Barriers to accessing buprenorphine are magnified in rural areas, whose burden of opioid-related mortality is similar to that of more populous areas but that have a smaller health care workforce and fewer clinical resources. In 2017, 56 percent of rural counties had no clinician with a buprenorphine waiver, and among counties with a waivered clinician, evidence shows that up to half of clinicians may not accept new patients.9–11 An additional challenge is a shrinking workforce of primary care physicians in rural areas.12 However, as primary care physicians have been leaving rural counties, primary care nurse practitioners (NPs) have been replacing them.12 The growth of NPs in the rural primary care workforce offers the potential to help improve access to buprenorphine treatment, but until recently all advanced practice providers such as NPs and physician assistants (PAs) were barred from obtaining buprenorphine waivers.
The enactment of the Comprehensive Addiction and Recovery Act in 2016 enabled NPs and PAs to obtain buprenorphine waivers beginning in 2017.13 The act’s provisions aimed to expand access to OUD treatment, which could particularly impact rural areas that have few physicians.14 However, even with a federal buprenorphine waiver, the ability of NPs and PAs to prescribe controlled substances is determined by state-level scope of practice regulations. These regulations establish the extent to which NPs or PAs can clinically practice or prescribe medication without a collaborative or supervisory agreement with a physician. If a state’s scope of practice laws require physician supervision for an NP or PA to prescribe medication, then buprenorphine is unlikely to be prescribed unless both the supervising physician and the NP or PA have waivers. Scope of practice policies vary considerably across states and are a source of controversy.15–17 Restrictive scope of practice regulations may significantly limit NP and PA capacity to prescribe buprenorphine in states with a high proportion of rural residents, such as West Virginia and Tennessee.18,19
The burden of the opioid epidemic in rural areas adds new public health considerations to the debate around scope of practice regulations. A recent analysis shows that more restrictive regulations were associated with lower adoption of buprenorphine waivers by advanced practice providers.20 That analysis was based on cross-sectional state-level data, and there is still little evidence on the magnitude of buprenorphine waiver adoption by NPs and PAs in rural counties and whether adoption was associated with scope of practice regulation. This article seeks to offer a more complete view of the impact of state scope of practice regulations on the availability of waivered providers of treatment. We pursued this issue by using a comprehensive database of all buprenorphine waivers granted nationally to examine county-level patterns of waiver adoption by advanced practice providers and their association with scope of practice regulations.
Study Data And Methods
Data Sources And Study Sample
Our analysis relied on a database of all clinicians with buprenorphine waivers from the inception of the program in 2002 through March 31, 2019 (that is, the first quarter of 2019). These data were obtained from the Substance Abuse and Mental Health Services Administration (SAMHSA) through a Freedom of Information Act request (SAMHSA Case No. 04042019S123). The data set contains the date of each clinician’s waiver approval, the date of any waiver that expanded patient capacity beyond the default (a waiver for thirty patients), total waiver patient capacity (30, 100, or 275 patients), and the county of practice for all publicly listed and unlisted clinicians with waivers—physicians, NPs, and PAs—in the study period. We included all clinicians in the data set with a nonmissing office location (1,327 clinicians, or 2 percent of the total, had no address or ZIP code in the data). We aggregated the Substance Abuse and Mental Health Services Administration waiver database to the quarterly level for 2016–19 for 3,147 counties or county-equivalents in all fifty states and the District of Columbia.

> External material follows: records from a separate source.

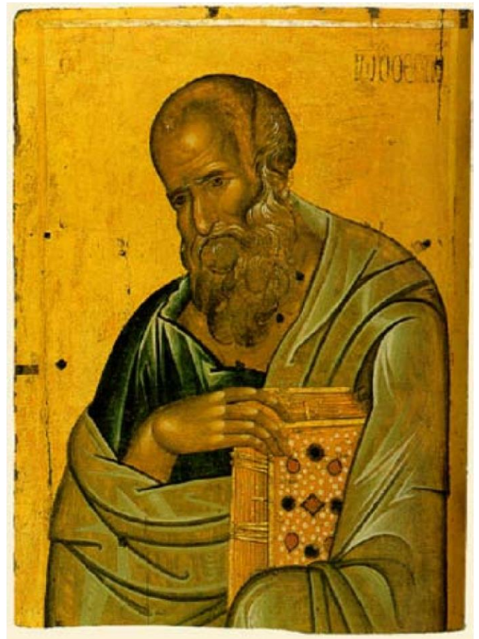
Sf. Ioan Evanghelistul

Evanghelie slavonă, Mănăstirea Neamt, Moldova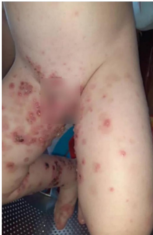
Fig. 1 - Ampollas de configuración anular en región genital, ingle y muslos, algunas asociadas a costras hemáticas.

Al ingreso se le inició tratamiento con prednisona 1 mg/kg/día, con mejoría inmediata de las lesiones, pero sin su desaparición. Se realizó biopsia de piel para análisis anatomopatológico y por inmunofluorescencia directa (IFD) ante sospecha de dermatosis por IgA lineal.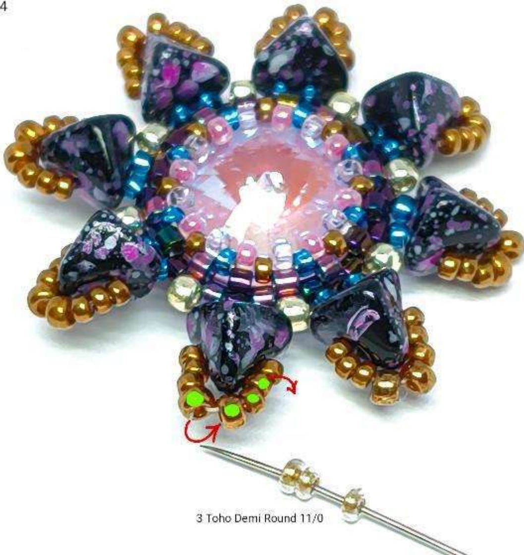
3 Toho Demi Round 11/0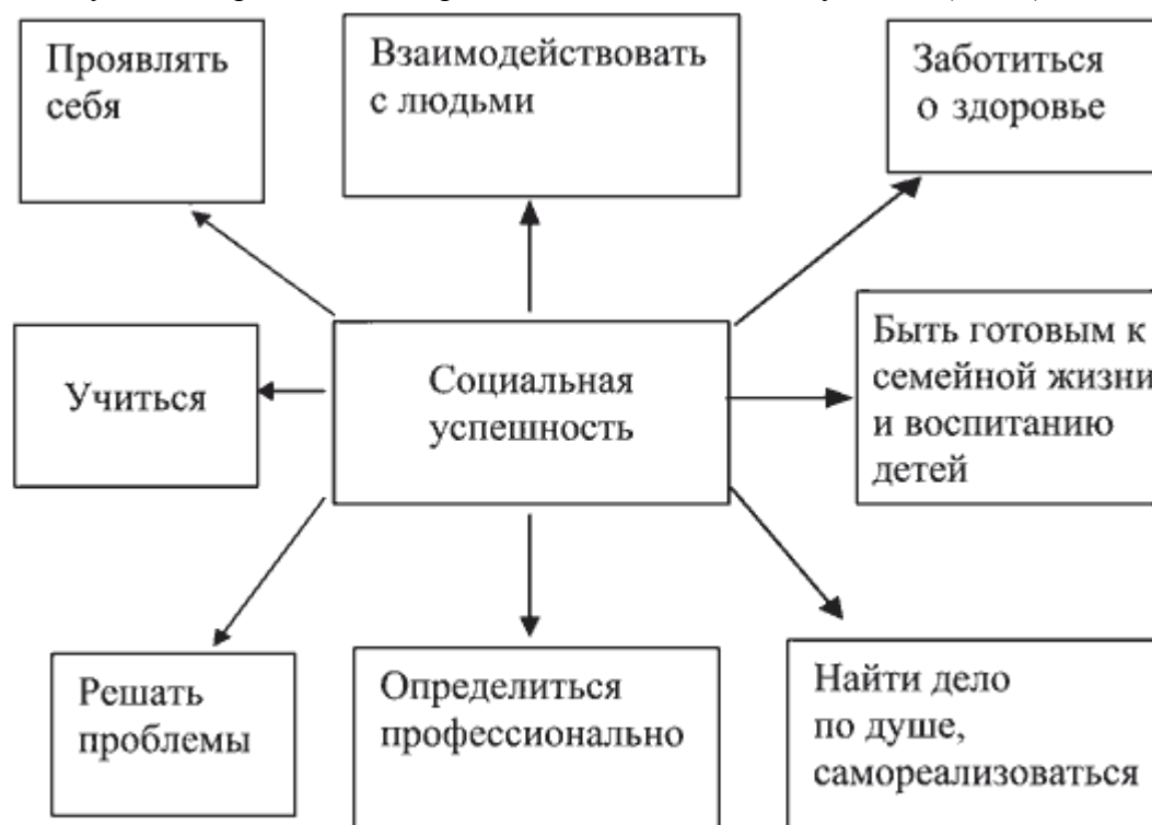
Рис. 2. Умения, обеспечивающие социальную успешность

Достижение успеха определяется обретением целой системы умений (Рис.2):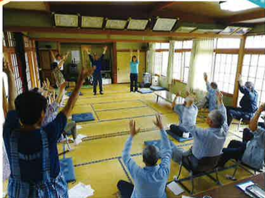
十王上野ふれあいサロン

6月21日（木）十王地区上野ふれあいサロンへご招待頂きました。4月から新たに配属になった作業療法士による専門的な体操を皆様と行ってきました。また、職員による手品も楽しんで頂きました。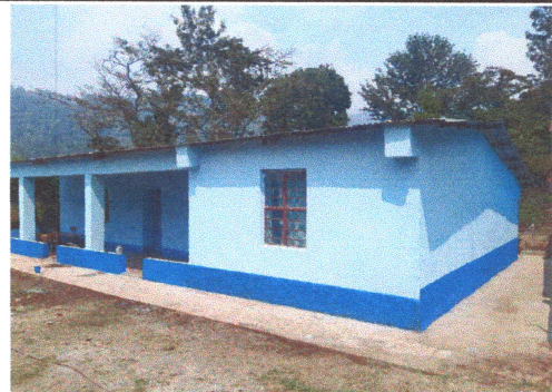
Foto: 6 Culminación de fundición de losa de patio en alrededor de aulas.

Observación: Si es necesario se pueden agregar hojas adicionales y actualizar el número de hojas.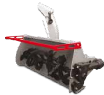
SPAZZANEVE BISTADIO A TURBINA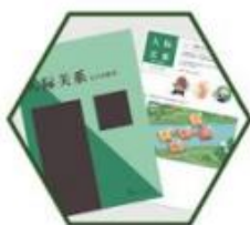
人际关系之冲突解决

课程以 培养同伴交往能力 为核心，通过游戏、绘画、表演等形式，旨在增强学生认识友谊、欣赏他人和积极倾听的能力，提升其友谊质量和同伴关系水平。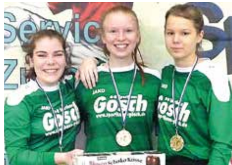
2. Platz - TuS Bothfeld.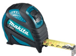
Mètre ruban 7,5 mètres

Classe UE II, Ruban haute résistance et antireflet, Lecture recto verso des graduations, Crochet magnétique 4 rivets anti-arrachement, Amortisseur de choc en retour du crochet, Bumper de protection du crochet, Position réelle du 0, Clip ceinture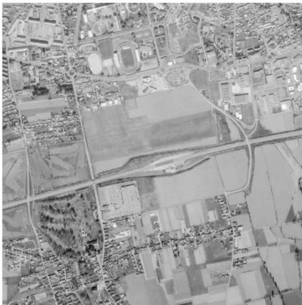
Figure 8 - 1997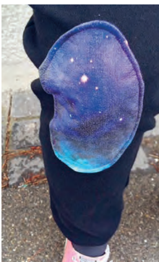
Galaxy-Wirkung durch Kombination von glänzend, glattem Polyacryl-Elastan-Mix mit matter Baumwolle sowie Kniepad mit Transferdruck des Moodbilds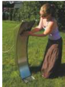
Rondolino Trinkbrunnen mit Tastventil -Edelstahl-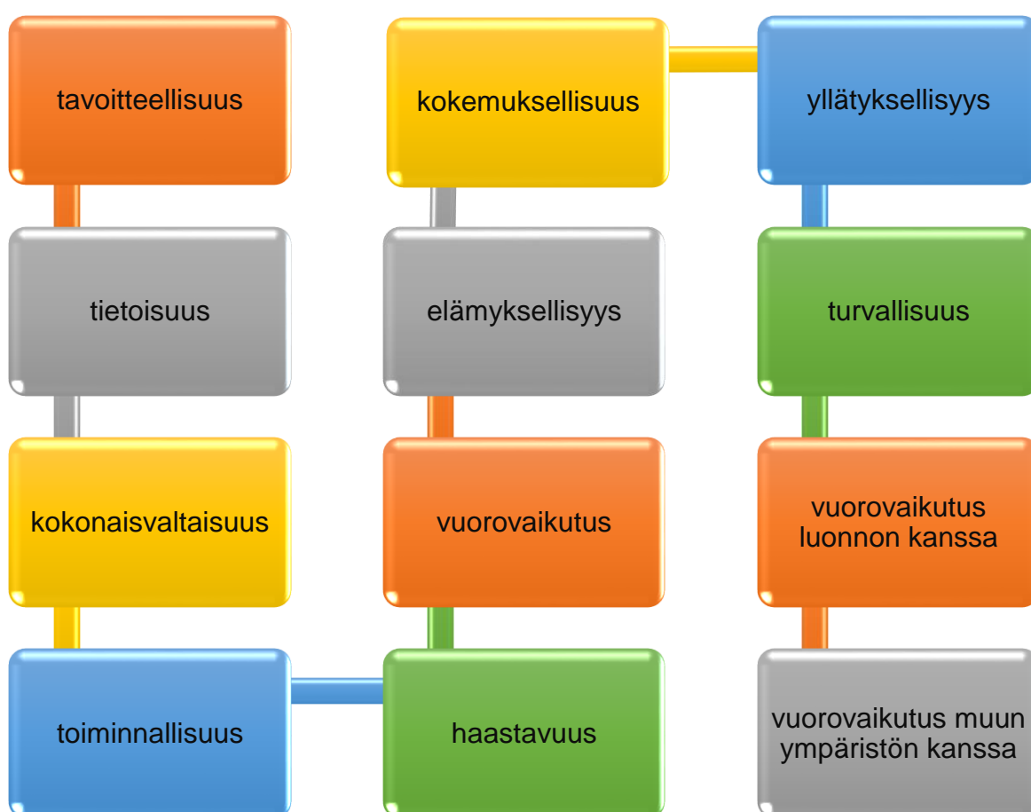
Kuvio 2. Seikkailukasvatuksellista toimintaa määrittävät tekijät. (Kivelä & Lempinen 2009, 19.)

ottamista ja koetun pohdintaa. Seikkailukasvatuksessa painottuu ryhmätoiminnan ja yksilön kohtaamisen merkitys (Pulkamo 2007, 498). Seikkailukasvatukselle on löydetävissä useita määritelmiä. Seikkailukasvatusta voidaan luonnehtia oppimisen prosessiksi, jossa mahdollistuu uudet ajattelu- ja toimintatavat toiminnan ja reflektoinnin kautta. (Kivelä & Lempinen 2009.) Seikkailukasvatuksen teoria- ja menetelmäpohjia voi käyttää hyvin toiminnallisuuden luomisessa, sen harjoittelemisessa ja aloittamisessa. Kuviossa 2. olen kuvannut seikkailukasvatuksellista toimintaa määrittävät asiat, joita Kivelä & Lempinen (2009), pitävät seikkailukasvatuksen reunaehtoina ja määritelminä. Kuviossa 2. mainitut tekijät ovat sellaisia, jotka ovat tärkeitä tekijöitä oikeastaan kaikenlaisessa toiminnallisessa tekemisessä. Toiminnalliset menetelmät muodostuvat, kun nämä tekijät otetaan huomioon. Silloin saadaan osallistujat aktivoitua ja tuotettua osallistujille mielekäs oppimiskokemus.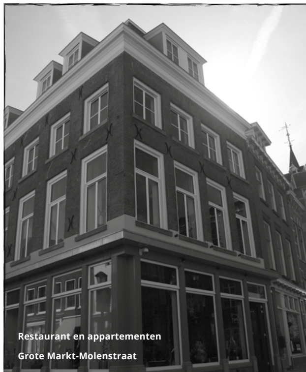
Restaurant en appartementen Grote Markt-Molenstraat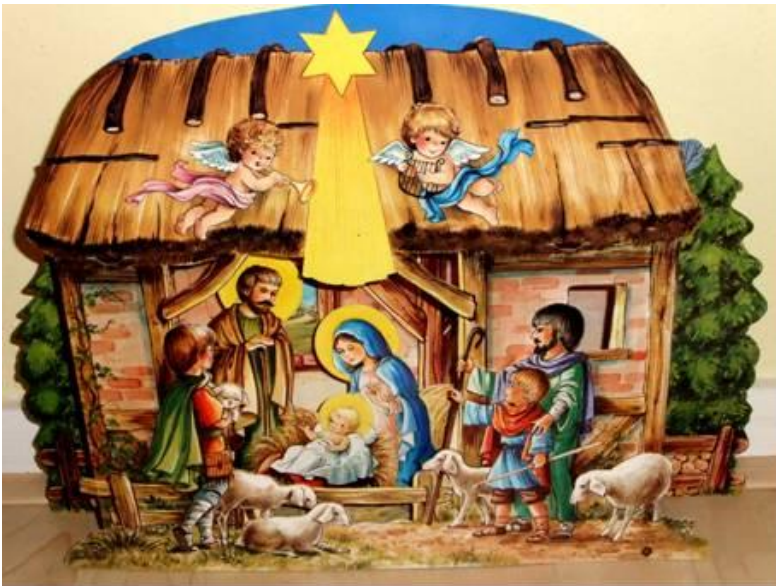
Afbeelding 6 - kinderkerststal -

Binnen dit kader bestaan er stallen in traditioneel gotische, neogotische, classicistische of neoklassieke vormgeving, barokke vormgeving, duidelijk afgeleid uit die historische stijlen en vormgevingsconcepten.

To supplement the information in the database, we used the Area Health Resources Files for county-level characteristics, including population, socioeconomic indicators, proportion living in urban areas, and racial/ethnic distributions.21 We also obtained 2016 opioid overdose mortality data at the county level from the Wide-ranging Online Data for Epidemiologic Research (WONDER) database of the Centers for Disease Control and Prevention (CDC).22 Finally, we used the 2013 urban-rural classification of the CDC’s National Center for Health Statistics to categorize counties into three groups: rural (defined as micropolitan or noncore counties with a population of less than 50,000), small to medium metro (defined as counties in Metropolitan Statistical Areas with a population of more than 50,000 and less than 1,000,000), and large metro (counties with a population of more than 1,000,000).23
The Comprehensive Addiction And Recovery Act And Scope Of Practice Regulations
Our focus was on the impact of state scope of practice regulations on the implementation of the change in the eligibility of NPs and PAs to receive buprenorphine waivers under the Comprehensive Addiction and Recovery Act. Beginning on January 1, 2017, the act enabled NPs and PAs to obtain federal waivers to prescribe buprenorphine for up to thirty patients after twenty-four hours of training (in comparison, physicians require only eight hours of training to obtain a waiver). Like physicians, NPs and PAs are also able to raise their waivered patient limit to 100 after one year of prescribing with a 30-patient limit, but unlike physicians, they are not eligible to receive a 275-patient waiver. Because of this one-year requirement, by definition no NPs or PAs were able to obtain 100-patient waiver expansions before January 1, 2018.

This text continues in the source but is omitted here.